# Cades Cove Sunrise



## Glenn (Feb 28, 2019)

Just a Cades Cove sunrise taken in late summer of 2018 on a day when there was no motorized traffic.


__
		https://flic.kr/p/2eTM2eb


----------



## blood on the ground (Feb 28, 2019)

Glenn said:


> Just a Cades Cove sunrise taken in late summer of 2018 on a day when there was no motorized traffic.
> 
> 
> __
> https://flic.kr/p/2eTM2eb


One of the most beautiful places in the south!


----------



## natureman (Feb 28, 2019)

Great shot and no traffic.  I went there for the first time 3 years ago on an overcast winter day. Arrived at 1030am and was not expecting bumper to bumper traffic all through the park.  I was so disappointed I vowed never to give it another chance.  The park is definitely being overused which is sad due to its rich history and scenery.


----------



## turkeykirk (Feb 28, 2019)

Glenn said:


> Just a Cades Cove sunrise taken in late summer of 2018 on a day when there was no motorized traffic.
> 
> 
> __
> https://flic.kr/p/2eTM2eb





Glenn said:


> Just a Cades Cove sunrise taken in late summer of 2018 on a day when there was no motorized traffic.
> 
> 
> __
> https://flic.kr/p/2eTM2eb



My family went there about every Summer to camp when I was a kid. Beautiful place. Great photo. Brought back a lot of memories.


----------



## Glenn (Feb 28, 2019)

blood on the ground said:


> One of the most beautiful places in the south!


 It is certainly on the top 10 list.


----------



## Glenn (Feb 28, 2019)

natureman said:


> Great shot and no traffic.  I went there for the first time 3 years ago on an overcast winter day. Arrived at 1030am and was not expecting bumper to bumper traffic all through the park.  I was so disappointed I vowed never to give it another chance.  The park is definitely being overused which is sad due to its rich history and scenery.

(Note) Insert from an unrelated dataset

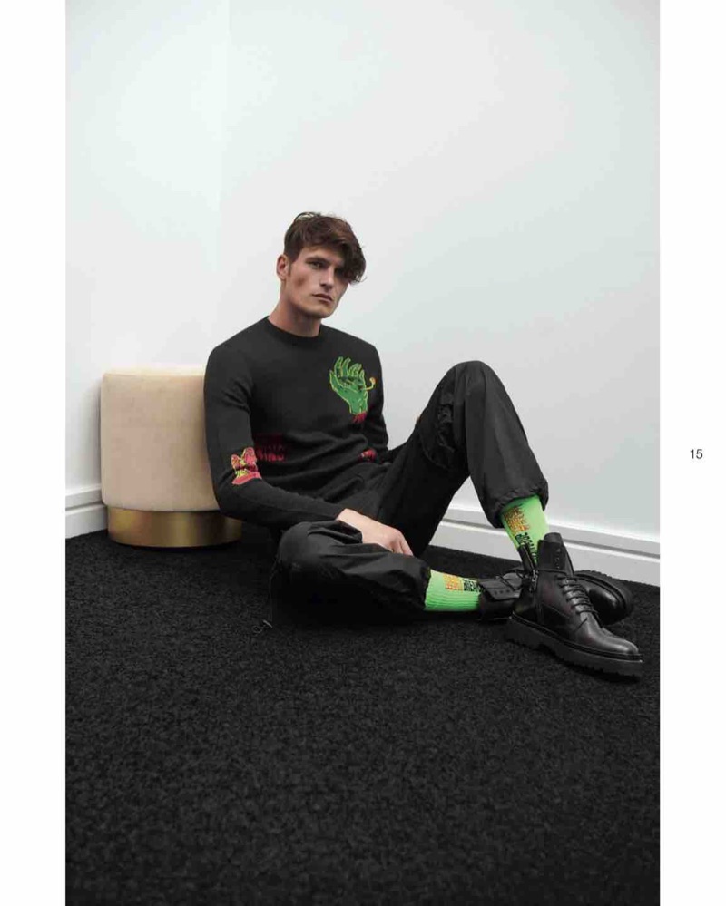 The work of American filmmaker David Lynch inspires Beymen’s fall-winter 2019 Academia collection. The themes of “Day Dream,” “Fire Walk With Me,” “Keep It Cool,” and “Get Lucky” inform the season’s eclectic attitude. Photographed by Arale Reartes, model John Todd is front and center as the face of the collection. Taking to a minimal set, John showcases varied looks that transition from casual and sporty to sophisticated and tailored. Elegant suit pieces are juxtaposed with a gamut of on-trend sportswear. Academia sets the tone for a stylish season with standouts, which include cargo joggers, distressed knitwear, flame print separates, a fleece hooded pullover, and side-striped denim.
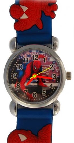 Spiderman watch with blue jelly band. Children's size. Has laser cut Spiderman and logo on the band. Silver tone case of approx. one inch diameter. Can arrive with random spiderman picture on face of the watch.

Well I took this on a Saturday and they don't open the gates until 10:00 am or 10:30 am. So the loop is open to only bikes and foot traffic, but the bike traffic was just as bad if not worse than the cars. I walked the entire loop that day with my monopod, two DSLR's, lenses etc...

I was toast once I made it back out...


----------



## 4HAND (Feb 28, 2019)

Glenn said:


> Well I took this on a Saturday and they don't open the gates until 10:00 am or 10:30 am. So the loop is open to only bikes and foot traffic, but the bike traffic was just as bad if not worse than the cars. I walked the entire loop that day with my monopod, two DSLR's, lenses etc...
> 
> I was toast once I made it back out...


I think they do the same on Wednesdays too.
We love Cades Cove!


----------



## NCHillbilly (Feb 28, 2019)

blood on the ground said:


> One of the most beautiful places in the south!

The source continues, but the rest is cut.